At Risk

by Christopher Murphy

05/13/2016

While driving to a visit in Adair County on an early afternoon in the rolling brown of a northeastern Oklahoma winter, Shari watches the softness of the landscape: green even when it’s brown. Different from the TV conception of country, hard-bitten Appalachian hollers, and different from the starker wind-blast of western Oklahoma or the open roll of central Oklahoma. The landscape tucks away poverty.

Shari’s grown to resent poverty because she faces it all the time: it’s the common thread with the families she sees. Families come to Child Protective Services from DHS because they don’t meet DHS’ standards of need. [1] Teachers notice bruises; neighbors see wandering toddlers. Families come to the office, usually hoping for diapers or food. A nurse in the maternity ward at Tahlequah City Hospital says, “Check 24.” Shari’s job is to go to their homes.

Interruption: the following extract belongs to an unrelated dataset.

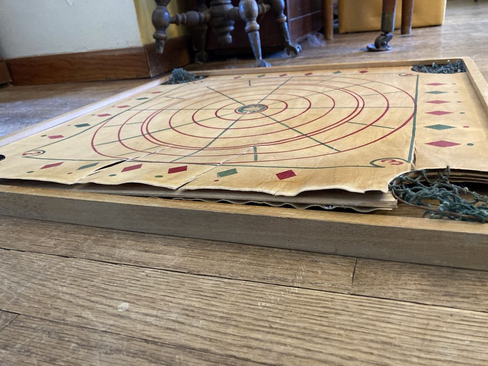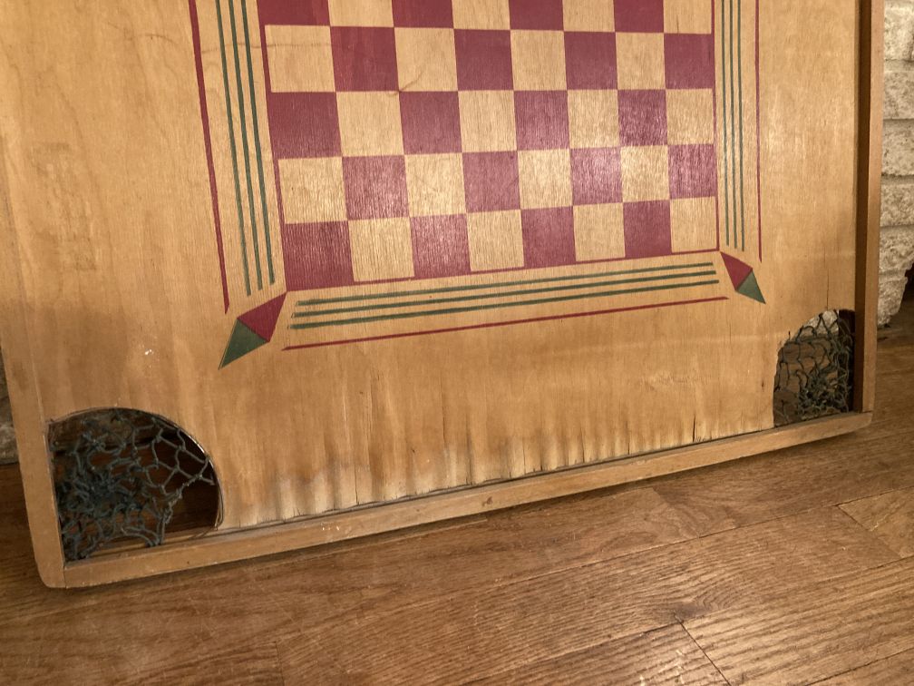 - Vintage or antique game board in fair condition with heavy warp damage - selling AS IS - for display only. Heavy damage to one edge of playing board surface with heavy warping, resulting in veneer splits, cracks, lifting, and separation (SEE PICS); aside from the warping and splits, overall, the rest of the game board is in good condition with finish and surface wear and tear throughout; three pocket nets are in good condition, and one net is misshaped and sprung from veneer with gaps on sides. Selling AS IS--WITH HEAVY DAMAGE - for display or decoration only, and priced accordingly. Antique or vintage game board attributed to Carrom Industries features a checker board on one side and a Crokinole board, also known as Spiders and Flies, on the other. This board has heavy warping and splitting along one whole edge of the playing surface, and therefore is being sold for decoration or display only.

There’s a deep bias she’s tamped down until the tamping became habit. A dirty home does not mean an unfit home. Everyone sometimes leaves trash in the house too long. When mothers give their babies crawdad brains or squirrel brains for teething, that’s a cultural difference, not a transgression.

The trailer’s way down a country road graded so the rocks pile in eight-inch rises on the roadside, and stones in the road kick up into the undercarriage of Shari’s car. She called first to confirm the appointment, a matter of necessity—many people agree to a visit in the moment but balk later—and also a matter of safety. She needed to confirm that mom and child will be there and find out who else might be.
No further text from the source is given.